WHAT TO WORK ON: Starting at the line below that contains "Falun Dafa praktikanti" and ending at the line that contains "人海信息网讯(张春兄 冯爱云", retype each line exactly as it stands, but omit the pictures.

EXERCISE MATERIALS:
/---

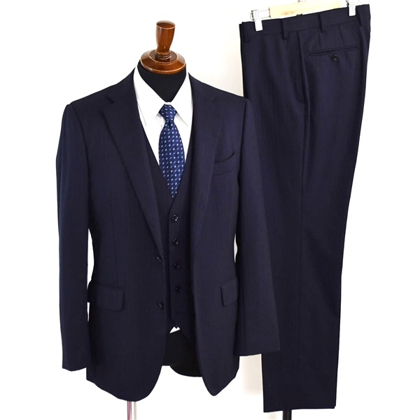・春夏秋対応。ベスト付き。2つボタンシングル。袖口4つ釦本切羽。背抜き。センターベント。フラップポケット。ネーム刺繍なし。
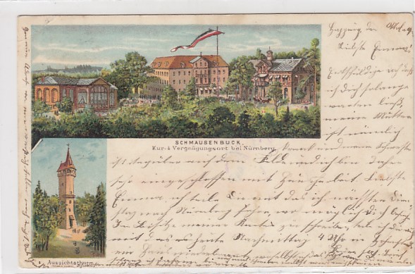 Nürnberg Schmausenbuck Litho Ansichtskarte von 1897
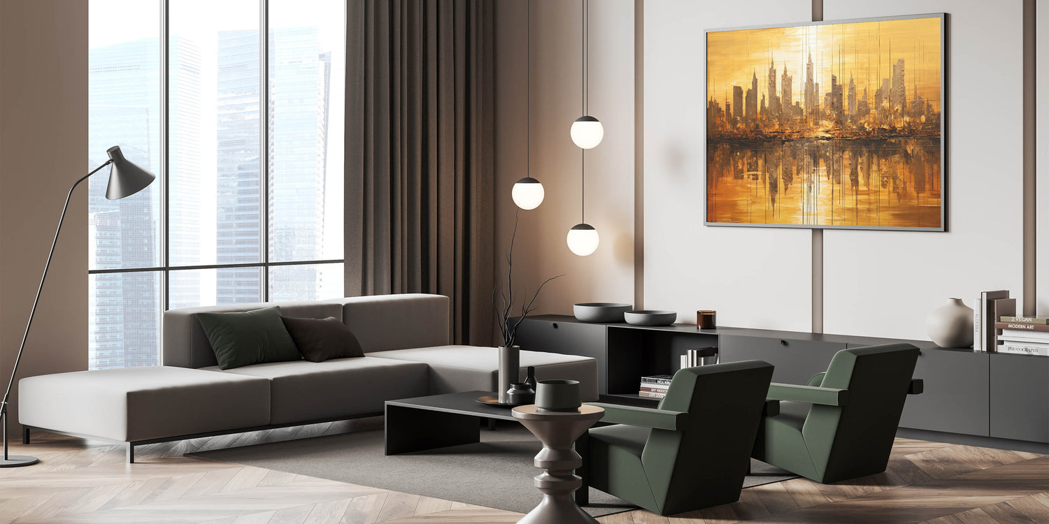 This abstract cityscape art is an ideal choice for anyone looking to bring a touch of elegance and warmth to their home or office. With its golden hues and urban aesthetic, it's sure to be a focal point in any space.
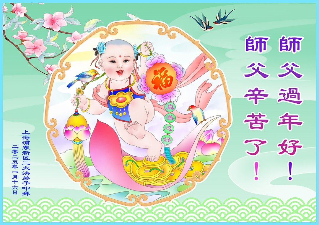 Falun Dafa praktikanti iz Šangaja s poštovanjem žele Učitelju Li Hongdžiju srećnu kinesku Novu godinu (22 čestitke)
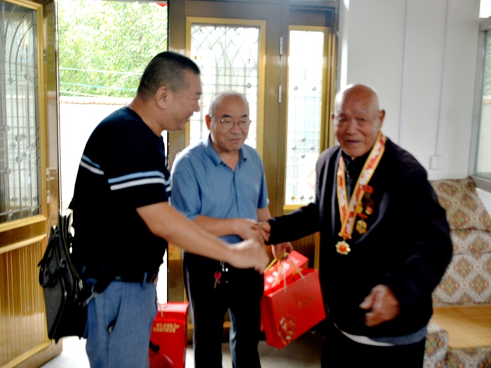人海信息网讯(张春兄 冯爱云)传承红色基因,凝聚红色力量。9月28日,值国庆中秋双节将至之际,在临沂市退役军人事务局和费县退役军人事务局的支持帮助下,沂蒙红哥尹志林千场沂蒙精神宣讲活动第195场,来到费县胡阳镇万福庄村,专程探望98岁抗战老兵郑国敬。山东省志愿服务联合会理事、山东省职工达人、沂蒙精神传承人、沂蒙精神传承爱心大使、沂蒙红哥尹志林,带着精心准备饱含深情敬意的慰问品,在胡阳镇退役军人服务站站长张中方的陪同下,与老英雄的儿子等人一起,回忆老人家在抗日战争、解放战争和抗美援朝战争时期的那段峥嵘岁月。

\---
/---

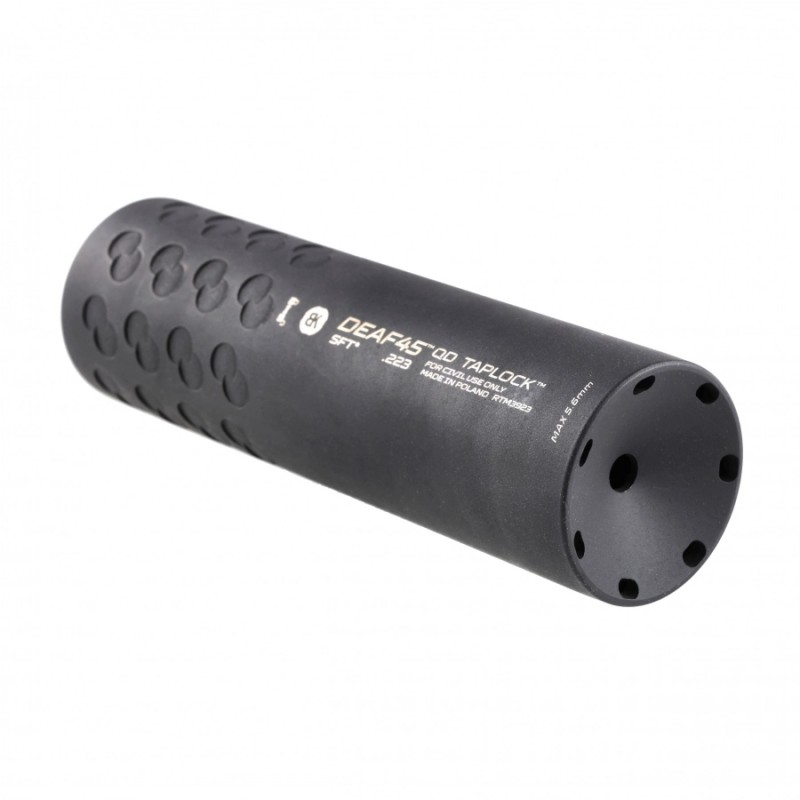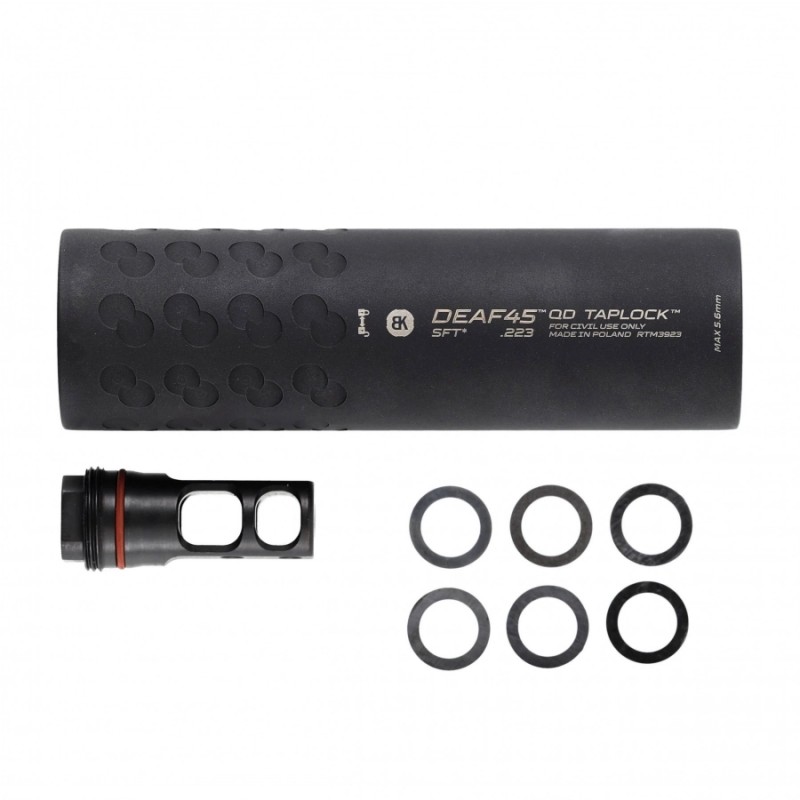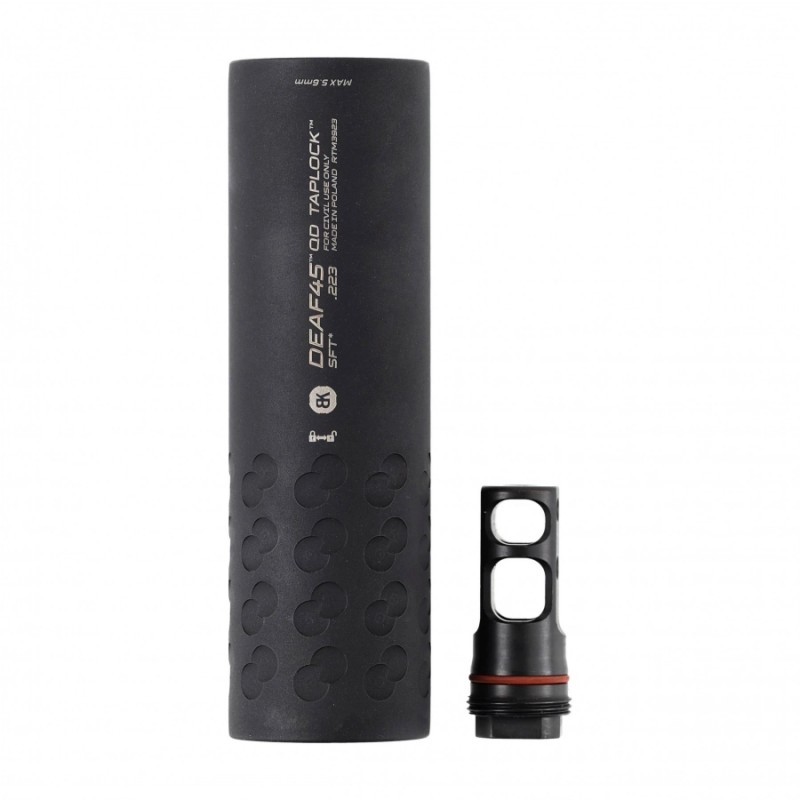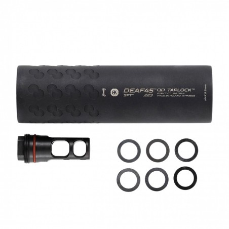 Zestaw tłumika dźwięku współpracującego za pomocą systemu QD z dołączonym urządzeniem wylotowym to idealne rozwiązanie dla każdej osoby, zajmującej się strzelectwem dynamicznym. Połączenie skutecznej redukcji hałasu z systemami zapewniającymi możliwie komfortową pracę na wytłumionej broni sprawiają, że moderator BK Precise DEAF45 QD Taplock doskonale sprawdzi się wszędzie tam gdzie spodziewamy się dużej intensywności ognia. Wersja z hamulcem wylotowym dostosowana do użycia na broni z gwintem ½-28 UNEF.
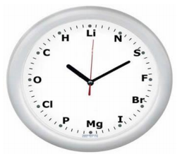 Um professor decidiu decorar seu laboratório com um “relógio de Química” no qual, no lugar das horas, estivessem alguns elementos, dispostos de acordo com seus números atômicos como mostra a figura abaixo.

\---

TASK ANSWER:
 Falun Dafa praktikanti iz Šangaja s poštovanjem žele Učitelju Li Hongdžiju srećnu kinesku Novu godinu (22 čestitke)
人海信息网讯(张春兄 冯爱云)传承红色基因,凝聚红色力量。9月28日,值国庆中秋双节将至之际,在临沂市退役军人事务局和费县退役军人事务局的支持帮助下,沂蒙红哥尹志林千场沂蒙精神宣讲活动第195场,来到费县胡阳镇万福庄村,专程探望98岁抗战老兵郑国敬。山东省志愿服务联合会理事、山东省职工达人、沂蒙精神传承人、沂蒙精神传承爱心大使、沂蒙红哥尹志林,带着精心准备饱含深情敬意的慰问品,在胡阳镇退役军人服务站站长张中方的陪同下,与老英雄的儿子等人一起,回忆老人家在抗日战争、解放战争和抗美援朝战争时期的那段峥嵘岁月。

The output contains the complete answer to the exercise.